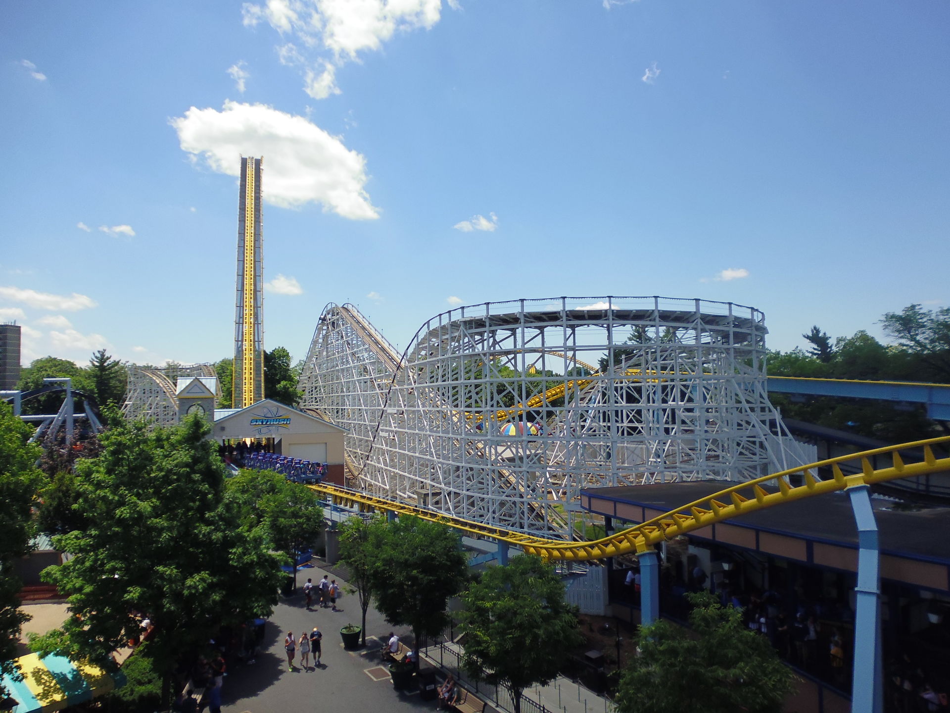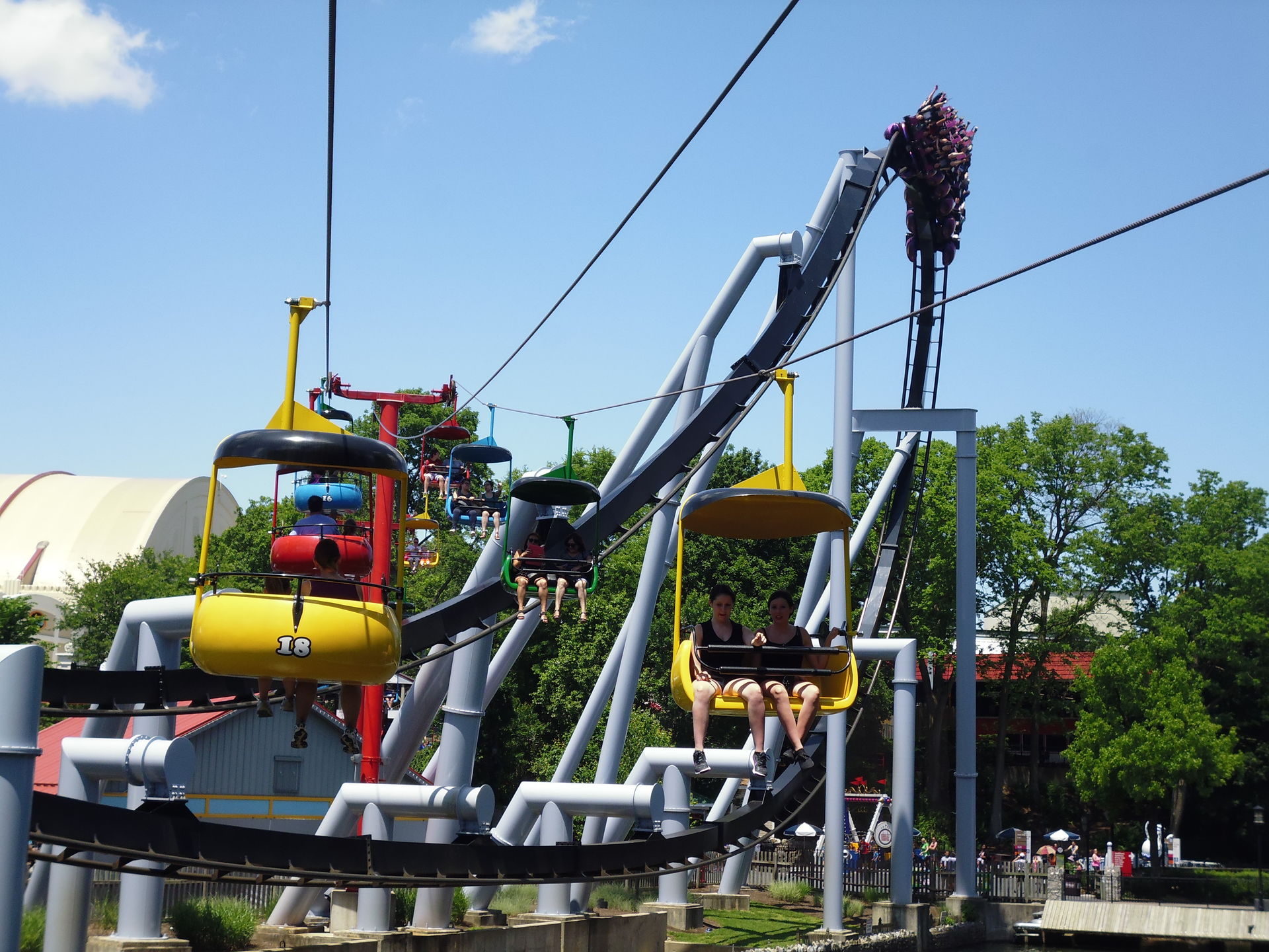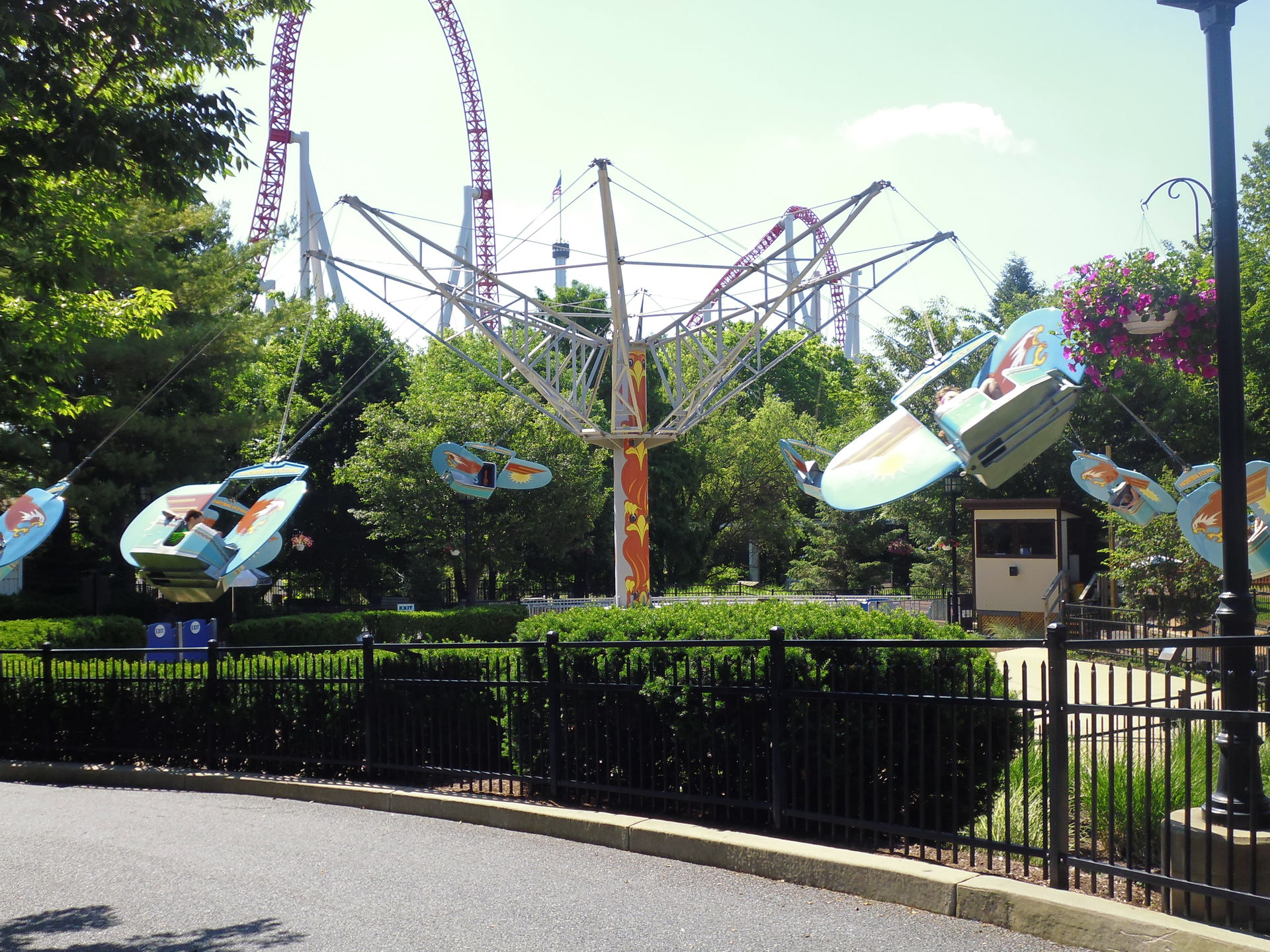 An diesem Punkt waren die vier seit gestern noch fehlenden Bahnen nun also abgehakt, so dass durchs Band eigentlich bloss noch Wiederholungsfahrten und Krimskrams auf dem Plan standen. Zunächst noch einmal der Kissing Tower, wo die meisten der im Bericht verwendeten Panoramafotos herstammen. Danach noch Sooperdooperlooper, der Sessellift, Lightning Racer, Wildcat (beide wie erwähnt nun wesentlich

┄┄┄┄┄┄

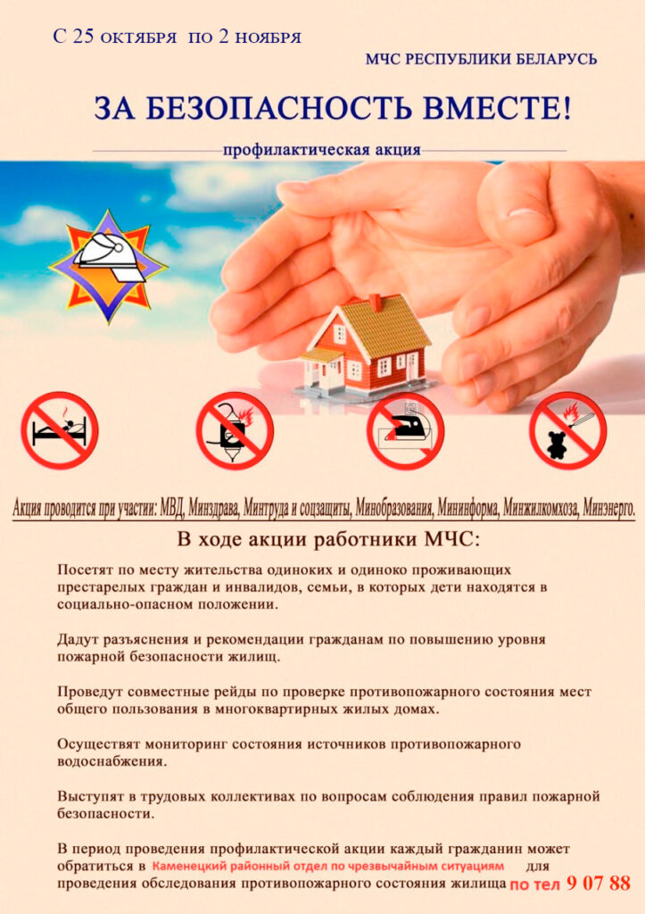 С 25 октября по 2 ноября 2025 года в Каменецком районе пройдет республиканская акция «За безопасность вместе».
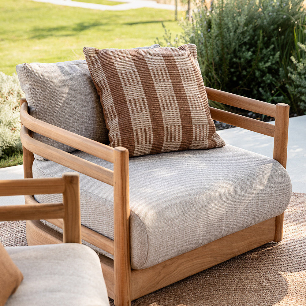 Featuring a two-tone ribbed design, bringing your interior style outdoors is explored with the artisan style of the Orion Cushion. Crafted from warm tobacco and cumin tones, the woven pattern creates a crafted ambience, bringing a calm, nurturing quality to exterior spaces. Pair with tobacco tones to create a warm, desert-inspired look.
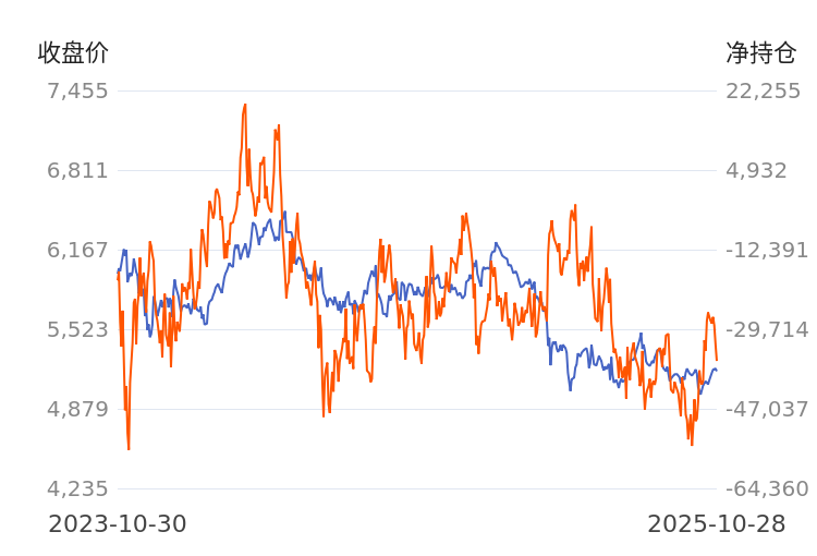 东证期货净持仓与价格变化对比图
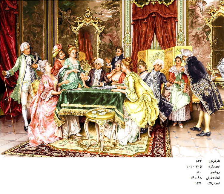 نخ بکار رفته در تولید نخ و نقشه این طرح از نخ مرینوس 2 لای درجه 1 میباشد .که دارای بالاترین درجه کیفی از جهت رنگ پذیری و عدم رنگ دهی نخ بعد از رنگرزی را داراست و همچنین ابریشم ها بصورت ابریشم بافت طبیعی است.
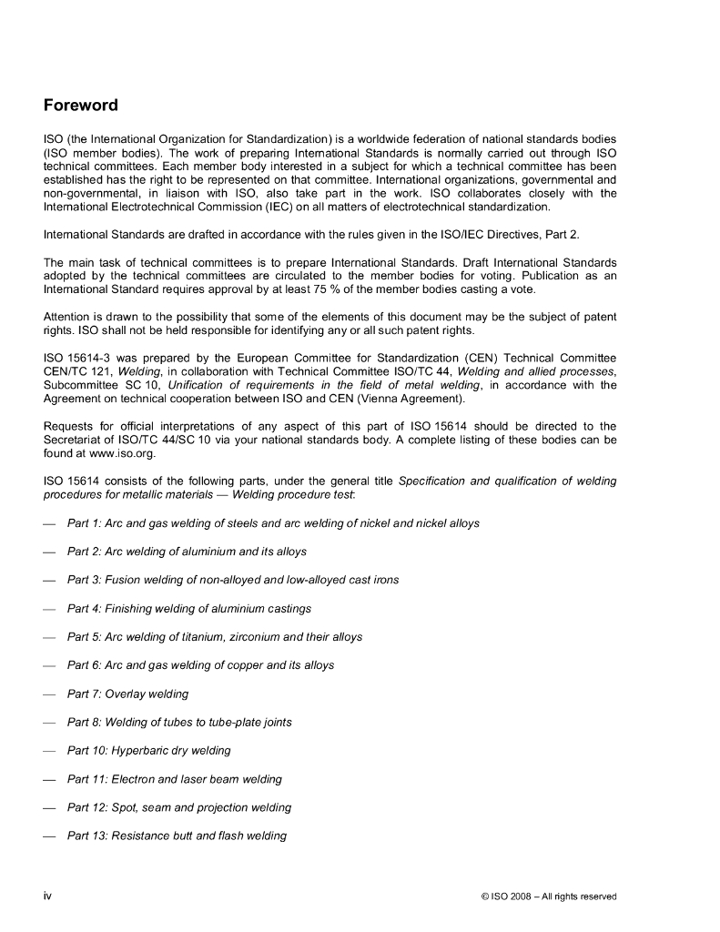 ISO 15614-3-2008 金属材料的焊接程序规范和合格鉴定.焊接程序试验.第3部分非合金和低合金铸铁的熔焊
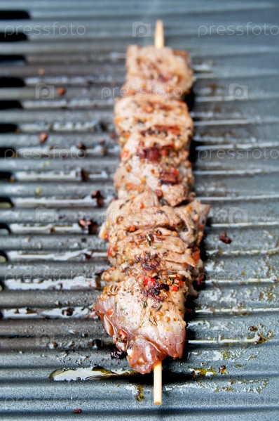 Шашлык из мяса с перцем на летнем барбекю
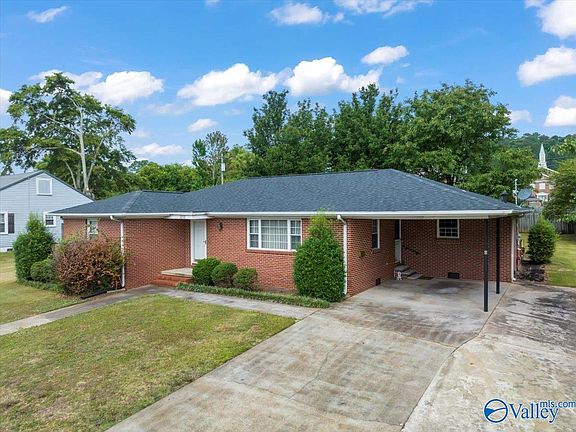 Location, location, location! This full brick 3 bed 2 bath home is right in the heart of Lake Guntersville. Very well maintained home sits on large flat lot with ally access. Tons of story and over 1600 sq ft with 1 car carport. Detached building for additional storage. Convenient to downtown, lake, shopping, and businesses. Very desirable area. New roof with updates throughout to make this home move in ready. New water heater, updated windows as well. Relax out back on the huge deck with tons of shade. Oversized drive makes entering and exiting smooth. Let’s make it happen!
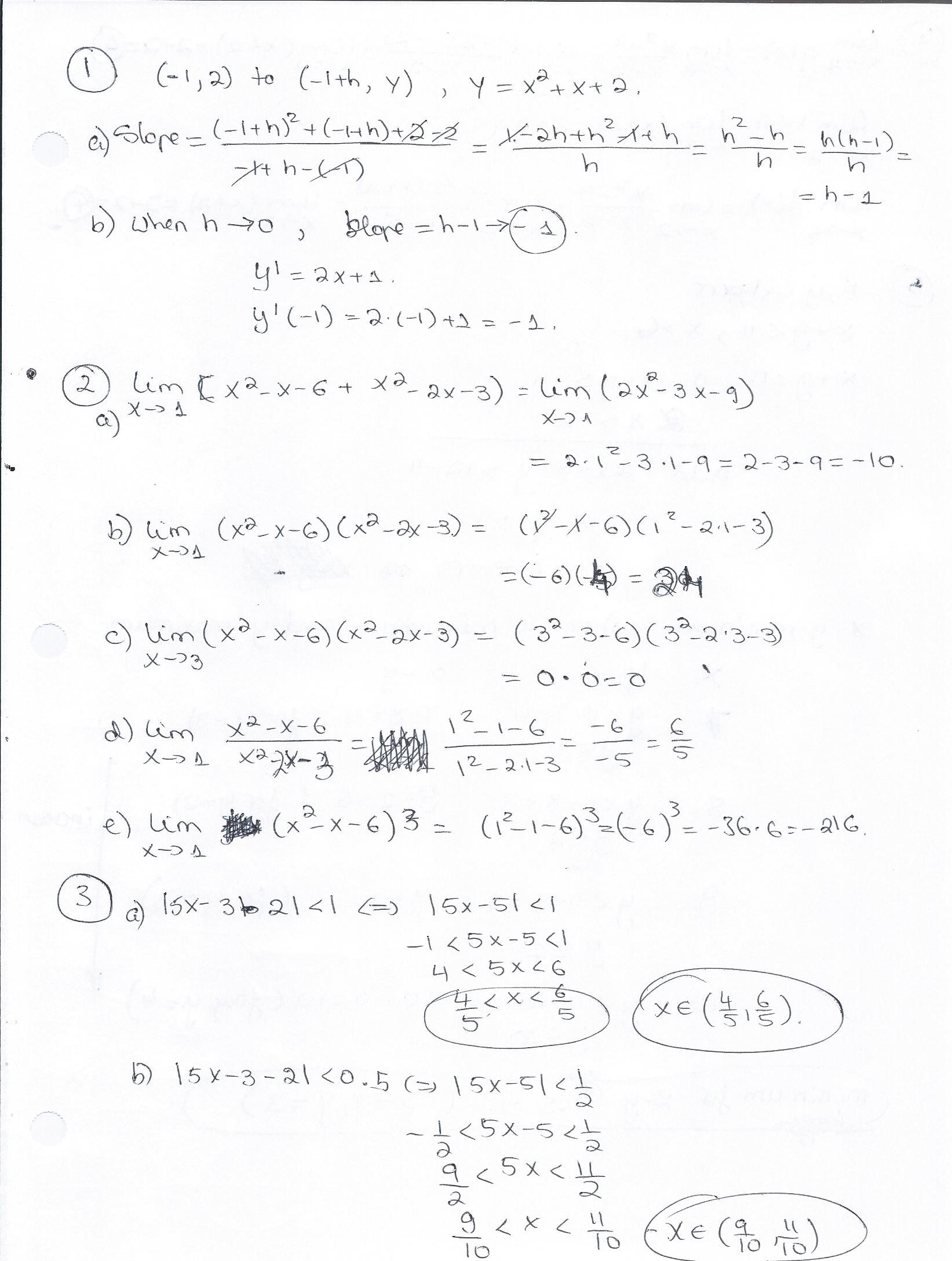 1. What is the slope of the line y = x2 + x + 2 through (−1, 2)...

┄┄┄┄┄┄

*TRY IT*. Write back word for word every line in the entries above from the one with "Featuring a two-tone" to the one with "东证期货净持仓与价格变化对比图", ends included, and none of the pictures.

*SOLUTION BELOW*.
 Featuring a two-tone ribbed design, bringing your interior style outdoors is explored with the artisan style of the Orion Cushion. Crafted from warm tobacco and cumin tones, the woven pattern creates a crafted ambience, bringing a calm, nurturing quality to exterior spaces. Pair with tobacco tones to create a warm, desert-inspired look.
 东证期货净持仓与价格变化对比图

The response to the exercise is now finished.